As famílias mais diretamente atingidas continuam desamparadas, em especial as de Bento Rodrigues, distrito de Mariana que foi dizimado do mapa. Removidas de suas casas, ainda aguardam o dinheiro da reparação, que virá de um fundo de R$ 20 bilhões a ser constituído pelas sócias da mineradora: a Vale e a BHP Billiton. As empresas e 18 de seus dirigentes foram denunciadas pelo Ministério Público pelo desastre.
A crise fiscal também afetou o tratamento da tragédia. Com a penúria do Estado brasileiro, as verbas que seriam utilizadas para acompanhar os desdobramentos do desastre e estimar a extensão dos danos – algo necessário para definir estratégias de mitigação da destruição – foram cortadas. Com isso, até hoje não foi possível detalhar o tamanho dos estragos na fauna e na flora das regiões devastadas, tampouco o tempo necessário para recuperá-las.
Segundo o Ibama, pouco foi feito até agora para mitigar e recuperar os danos. As obras exigidas da Samarco foram consideradas “insuficientes e atrasadas” em vistoria do órgão: 71% dos pontos estão sem conservação, 62% sem drenagem e 53% sem contenção, de acordo com reportagem do jornal O Globo.
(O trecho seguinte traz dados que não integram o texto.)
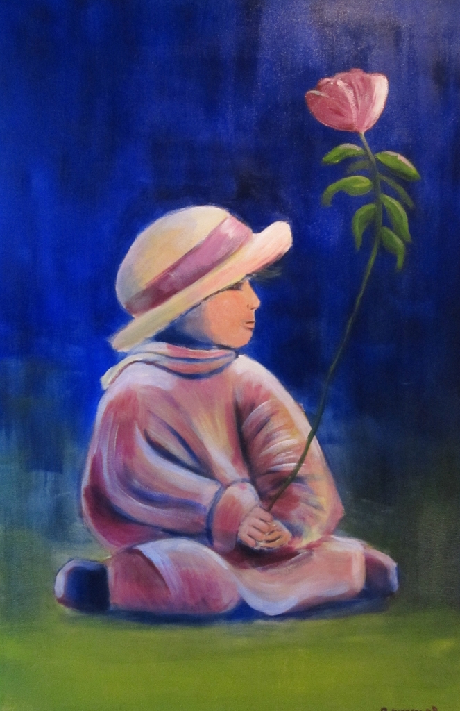 Hoe het kind op de grond zat vond ik wel apart. De roos heb ik er bijgeschilderd.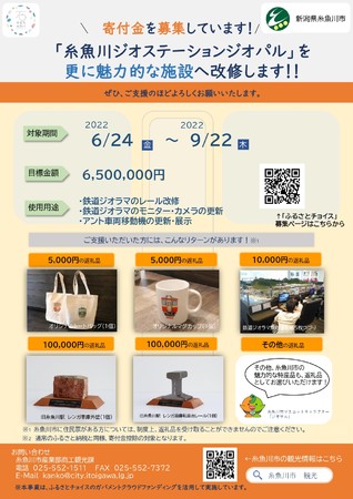 令和4年度に予定している、糸魚川ジオステーションジオパルにおける各種整備事業について、ガバメントクラウドファンディングを活用して支援を募ることとなりました。

Há ainda 102 km de leitos de rios com alta concentração de rejeitos, entre Mariana e o município de Rio Doce (MG).
No país que desde sempre foi o principal produtor mundial de minério de ferro, espanta saber que as condições dos reservatórios destinados a armazenar rejeitos da atividade são fragilíssimas. Segundo o Ministério Público Federal, das 397 barragens de mineração brasileiras, metade tem risco de desastres de proporções similares ou piores que as de Mariana, revelou O Estado de S. Paulo neste fim de semana.
O desastre da barragem da Samarco cobra uma legislação ambiental e mineral à altura do peso da atividade para a economia brasileira – vale lembrar que até hoje arrastam-se no Congresso as discussões em torno do novo Código Mineral. O poder público precisa ser implacável e rigoroso para punir, e previdente para coibir a repetição da tragédia. Mariana não pode tornar-se apenas uma foto feia e cheia de lama pendurada na parede.